• [Excerpted data]
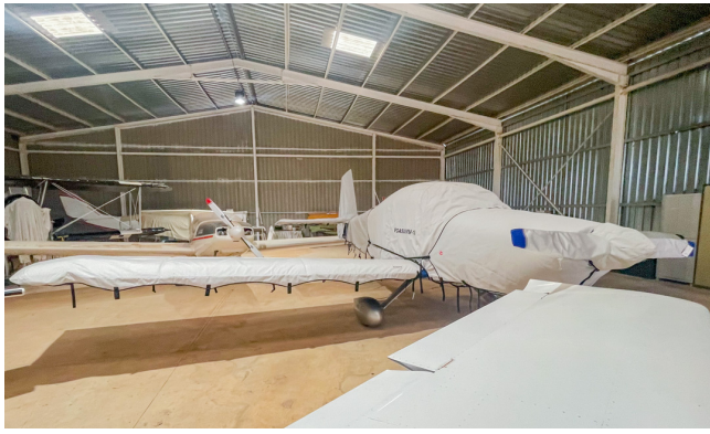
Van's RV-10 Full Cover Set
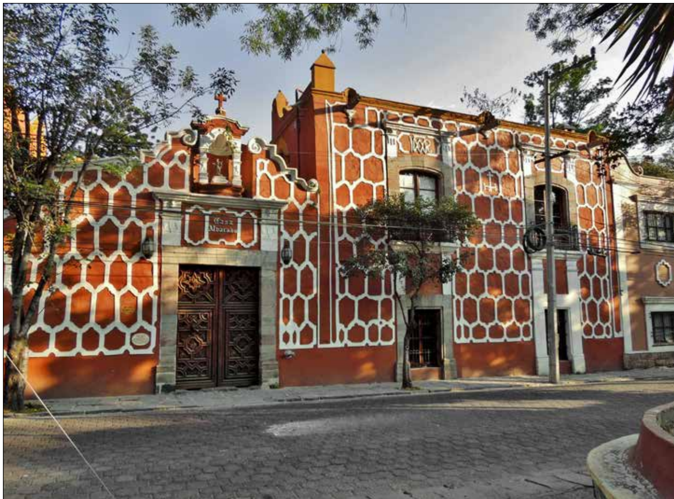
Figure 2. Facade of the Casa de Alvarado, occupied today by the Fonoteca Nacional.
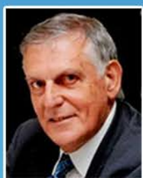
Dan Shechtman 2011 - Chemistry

* * *

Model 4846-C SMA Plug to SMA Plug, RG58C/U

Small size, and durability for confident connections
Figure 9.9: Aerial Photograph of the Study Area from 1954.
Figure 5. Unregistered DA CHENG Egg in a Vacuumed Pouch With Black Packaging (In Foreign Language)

* * *

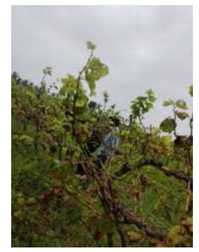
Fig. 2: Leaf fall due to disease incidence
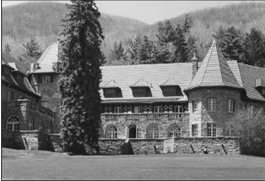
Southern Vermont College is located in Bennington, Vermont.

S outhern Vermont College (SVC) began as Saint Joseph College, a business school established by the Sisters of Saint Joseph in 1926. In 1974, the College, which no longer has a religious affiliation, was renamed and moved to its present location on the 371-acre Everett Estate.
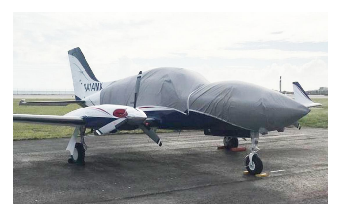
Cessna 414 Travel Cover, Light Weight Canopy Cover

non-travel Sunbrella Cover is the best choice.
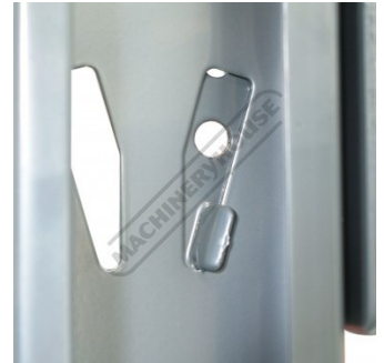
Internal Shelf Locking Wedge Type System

• [What this task involves] Take the entries above and return only the lines from the one with "Model 4846-C SMA Plug to SMA Plug, RG58C/U" to the one with "Figure 5. Unregistered", both included, unchanged.

• [Task response]
Model 4846-C SMA Plug to SMA Plug, RG58C/U

Small size, and durability for confident connections
Figure 9.9: Aerial Photograph of the Study Area from 1954.
Figure 5. Unregistered DA CHENG Egg in a Vacuumed Pouch With Black Packaging (In Foreign Language)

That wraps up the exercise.